In my late 20s, I was finally invited to the Cottage in Muskoka, by a partner’s friend. It was a beautiful log cabin that her great-grandfather had built himself, now surrounded by million dollar houses. Despite the permanent soundtrack of jet skis charging around an otherwise pristine lake, I sat on the dock as the sun set and made it my life’s mission to own a cottage. To be able to say, “Want to come up to the cottage?” to someone. Some people who don’t have money aspire to own a home, a fancy car, or to go on first-class vacations. But my fantasy involved vintage quilts on lumpy beds, deer peering in the bedroom window at dawn, softwood walks, summer salads on an expansive deck, and tan lines from afternoons reading on the dock.

I began to collect things that would look cute in a cottage, like a girl in the 1950s with a hope chest. Of course, as a single writer with no family inheritance, this is an impossible dream. And so I rent cottages and pretend. And whenever a group of my friends get together I inevitably ask, so, what if we pooled our money and bought a cottage?

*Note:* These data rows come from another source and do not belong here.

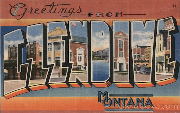 Front: Greetings 44 F ROM- CORDA ROSE ONTANA Back: GLENDIVE, MONTANA N. P. Depot City Hall U. S. Post Office Yellowstone Bridge High School Main Street POST CARE THE HAFSTROM CO., PUBLISHERS, BELFIELD, N. D. MADE IN U. S. A. 74960
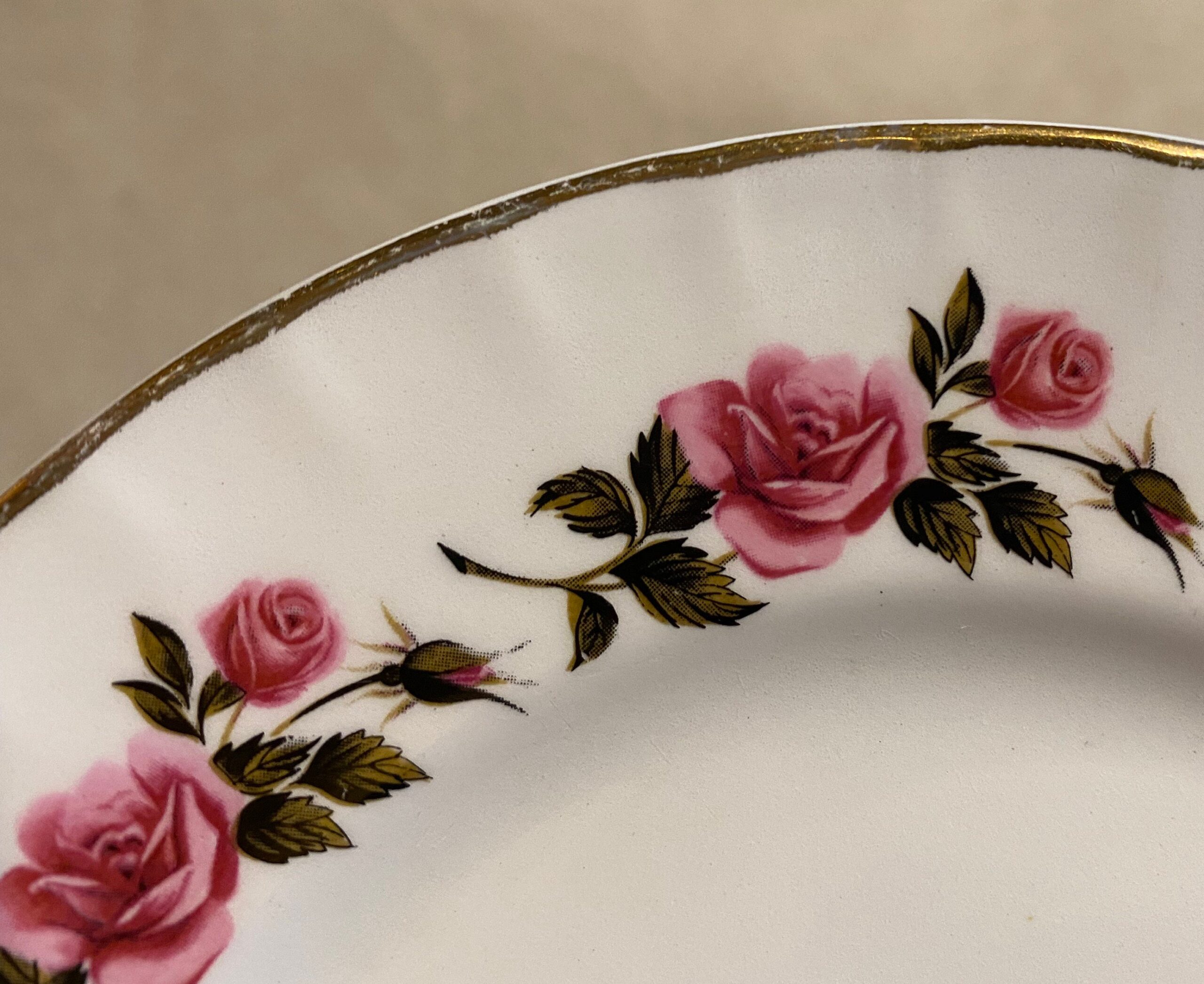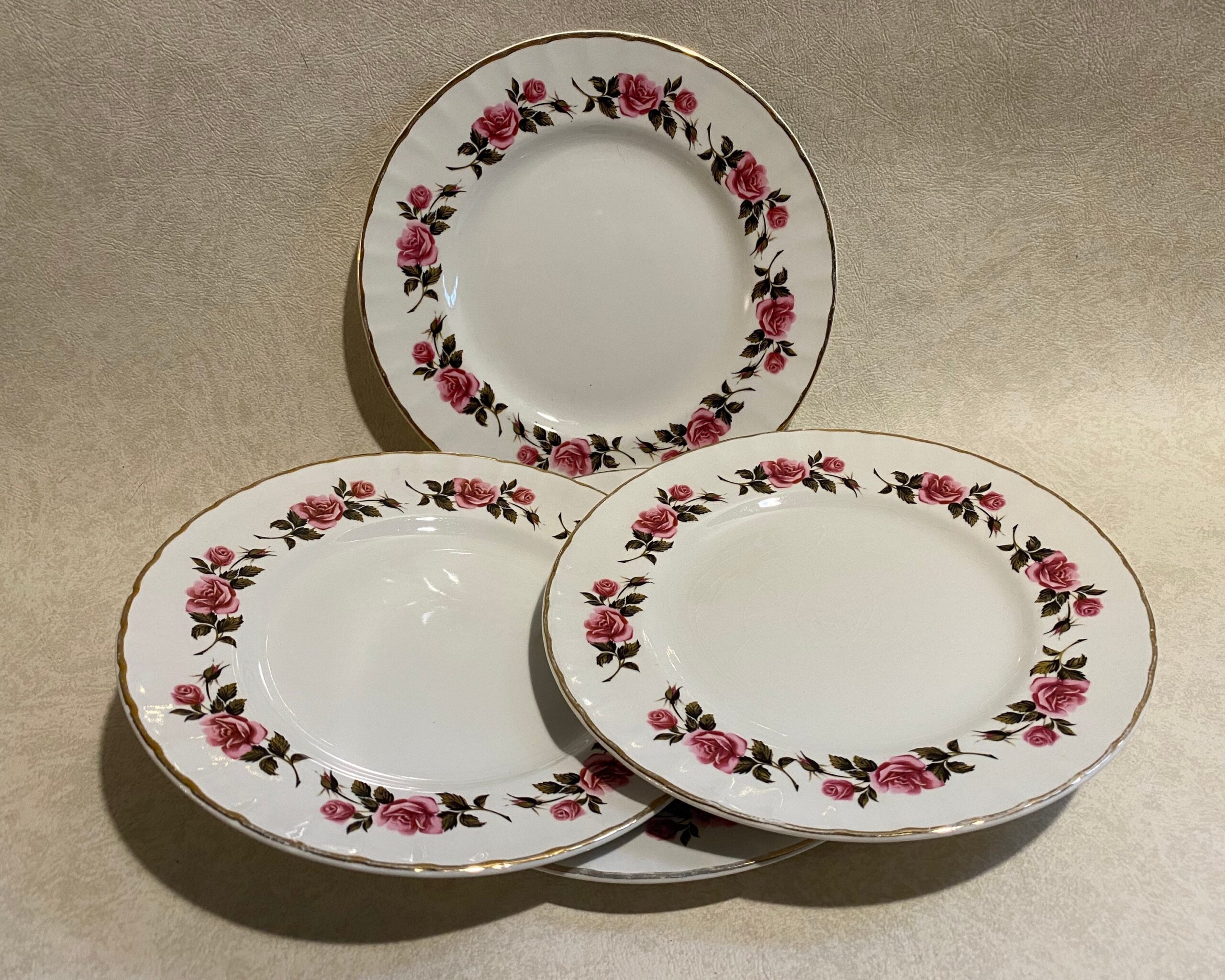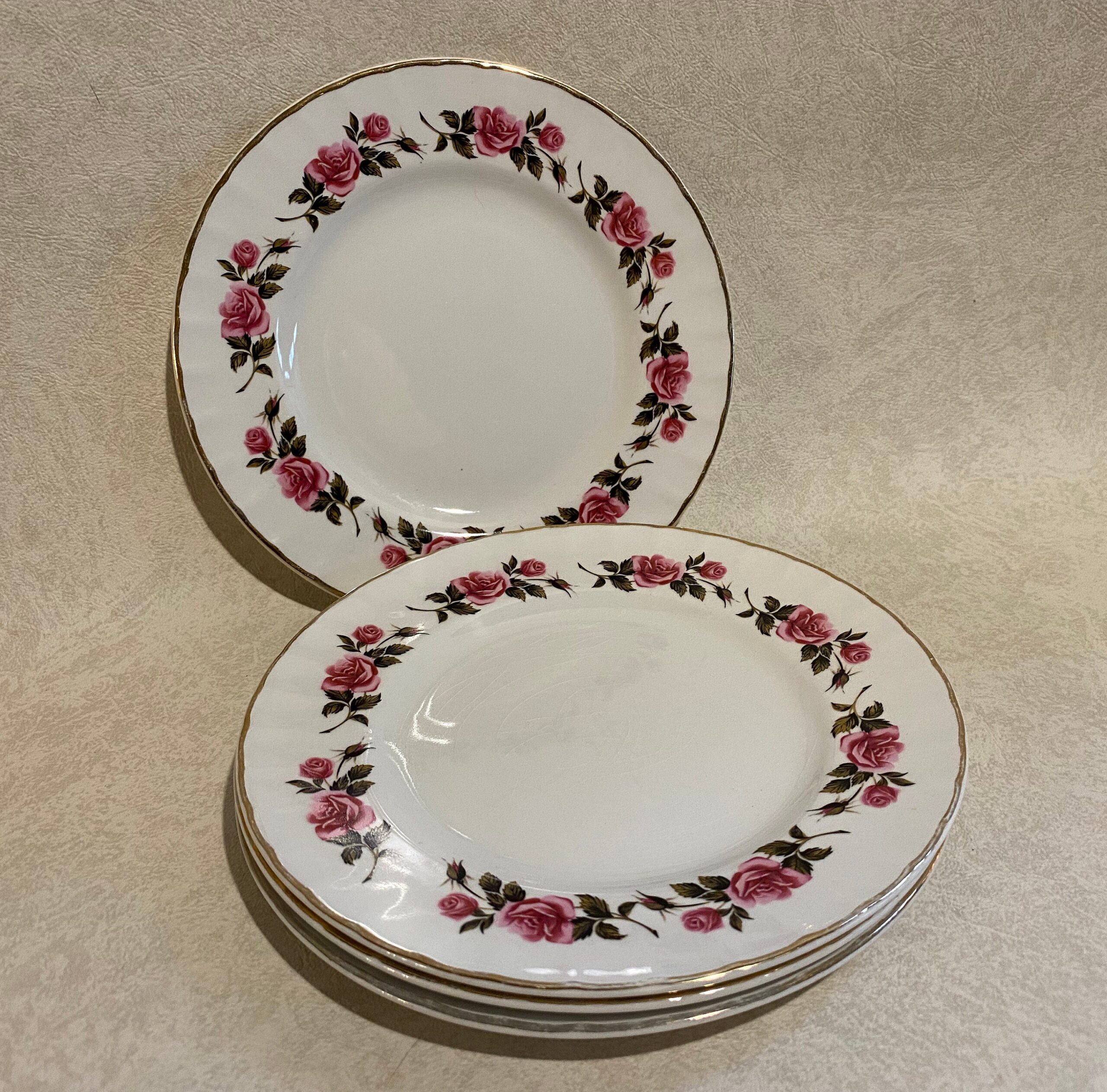 A lovely set of four vintage ceramic plates by Ridgeway (Staffordshire, England) in the “Romance” pattern, with warranted 22-karat gold decoration.
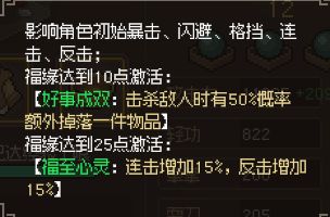 每增加1点福缘提升0.4%暴击率、0.4%闪避、0.4%格挡、0.4%连击(固定值)
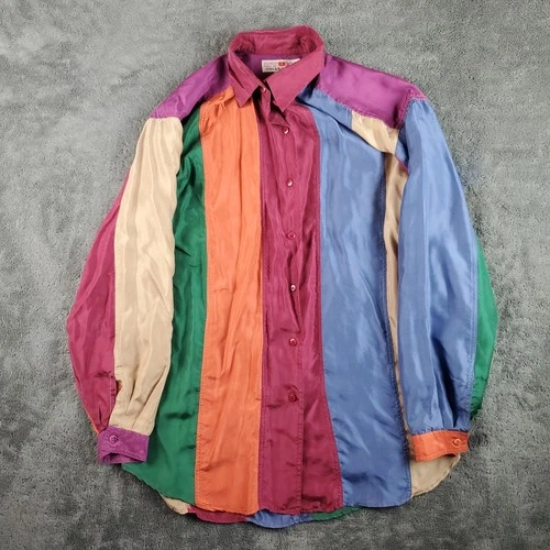 Stunt Collections Shirt Mens S Multi Silk Colorblock Button Up Vintage
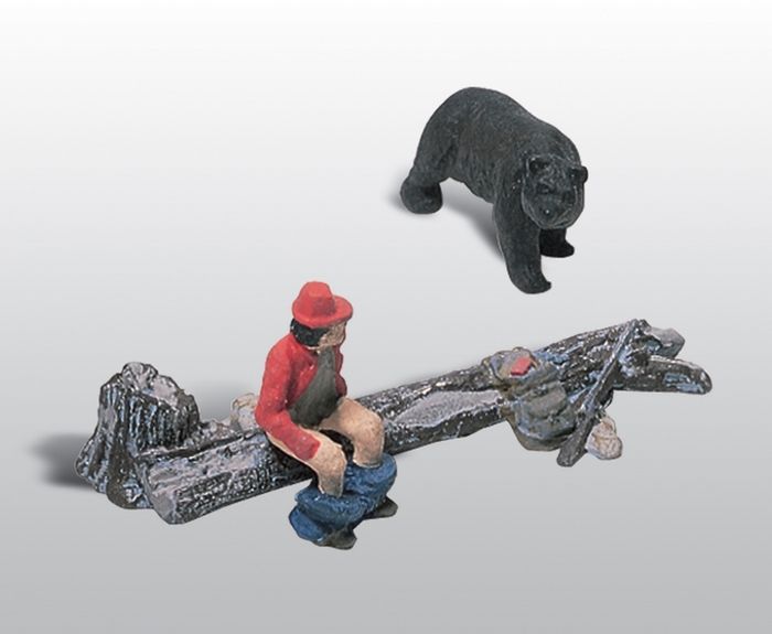Here's a whimsical look at an unfortunate woodsman. Pants around his ankles, gun out of reach and a bear shows up.
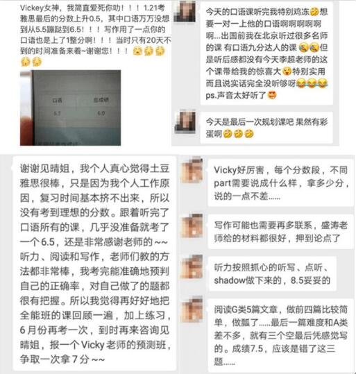 當然,教研實力的強弱最后還是要看結果,也就是學生的成績提升效果。首先說我自己,從入學時的6.0提高到最后一次取得7.5分的成績,真的可以說全部都是歸功于各位大神老師們的指導,我同班的同學還有到8分的大神。當然這也跟自己的學習力有一定關系,但大家大多都有不同程度的明顯提分效果。興奮的是,我們那一班在發了成績時,班級群里簡直是爆炸,大家自己感受下。
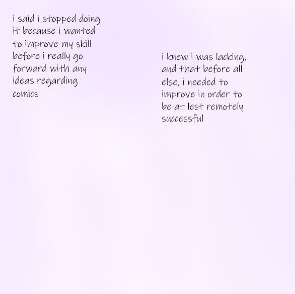A series about my experiences as a comic artist. ToTaLLy oRiGiNaL, I know. It goes all the way back from when I was originally inspired to do comics to now where I'm not totally sure what the heck I'm doing. However, I'm confident enough in what I do to share my experiences with the world so maybe I'll get somewhere on this (please give me attention).

At the start of the pandemic, I convinced two good friends to try. But it turns out even three people with middle class incomes cannot qualify for a cottage on a lake in Ontario. Mortgage brokers humored us. But we only qualified for lake-adjacent cabins, or “tear downs” on the swampy ends of lakes too far from the city to be worth it. This is simply the plight of my generation. And so it remains a fantasy. But so much of life in the pandemic is fantasy-based— the food we’ll eat at restaurants, the places we’ll travel, the pleasures of life in a state of suspension.

One evening early on in the pandemic, frustrated by the lack of options on Tinder, I changed my settings from Toronto to global. By the end of the night, I was messaging with James, a handsome trans guy from Philly. I don’t normally set out to have long-distance crushes, but with no sense of when travelling might be an option again, it seemed harmless to make a connection this way. Plus, I’m a queer femme, with a penchant for trans men and butches. (I once pointed to a rack of plaid shirts in a store and said, “That’s my sexual orientation.”)

After 20 years in Toronto, I felt as though I’d already met everyone in the community. James was married, but open. I was in an open relationship too, but still so heartbroken from the break-up of a previous long-term relationship that I didn’t want anything serious. Eventually James and I decided that when COVID-19 was over, we’d rent a cottage halfway between our cities. And then we spent months describing what we’d do. Fireplace. Outdoor hot tub. Summer salads. And more specifically, what we’d do to each other.

The Cottage became a repository not just for moneyed aspirations, but a site to escape my small, solo apartment in a city seething with disease and despair, with a lover who worked a frontline job, which meant that we couldn’t see each other. These beautiful little cabins became the settings for a future where I could relax in the arms of someone who also longed for an escape filled with lust, pleasure, and comforts. The Cottage, then, was a repository for all the fantasies of an easier life. I’m still hoping for midnight skinny dipping, and forest fantasies, for a break in the clouds.

Zoe Whittall is an acclaimed novelist, poet, and TV writer. Her newest novel, The Spectacular, was recently published.